İslam toplumunun yaşadığı ve hâkim olduğu yerler için klasik ve meşhur
değerlendirmeye göre "dârulislâm", müslümanların idâre ve hâkimiyetleri altında
olmayan yerler ise "dârulharp" kabul edilir. Eğer bir kimse, yaşadığı ülkede
dinî inanç, dinini koruma ve dinini yaşama hürriyetini kaybetmişse, gücü
yetiyorsa cihad ederek bu temel haklarını yerli veya yabancı işgalcilerden geri
alması veya gücü yetmiyorsa, bunları koruyup dinini yaşayabileceği yere hicret
etmesi gerekir. Cihad ve Hicret'in Kur'an'da ve Sünnette çok büyük önemi vardır.

Ayrıca, içinde Kâbe'nin
bulunmasından dolayı müslüman açısından dünyanın en kutsal yeri sayılmaya müsâit
olan bir vatanda, Hak Dinin yaşanamadığı için oradan hicret eden Rasûlüllah ve
ashâbının, aynı zamanda gerçek vatanları olan Mekke'deki yönetime karşı inanç
savaşı yaptıkları unutulmamalıdır. Şu âyet; vatan, cihad ve hicret kavramları
açısından değerlendirilmelidir:
?Nefislerine yazık eden
kimselere, canlarını alırken melekler: 'Dünyada ne işte idiniz?' derler. Bunlar;
'biz yeryüzünde güçsüz bırakılmış çaresiz kimseler idik' diye cevap verirler.

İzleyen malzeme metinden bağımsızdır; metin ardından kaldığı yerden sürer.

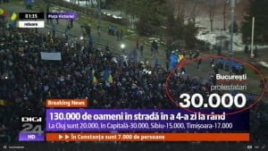 Posturile naționale au prezentat cifre exgerate: Digi zice că au fost 25.000 de oameni, TVR 1 spune că au fost 120.000, iar Realitatea TV anunțat 150.000 de oameni în Piața Victoriei.

Melekler: 'Allah'ın yeri geniş değil miydi? Hicret etseydiniz ya!' derler. İşte
onların barınağı cehennemdir; orası ne kötü bir gidiş yeridir." (4/Nisâ,
97).
Medine için, oradaki hurmaları
için savaşan kimsenin mücâdelesinin Allah için olmadığı, ancak Allah yolunda
savaşanların cennetle müjdelenen şehitler olabileceğini Rasülullah'ın
hadislerinden öğreniyoruz.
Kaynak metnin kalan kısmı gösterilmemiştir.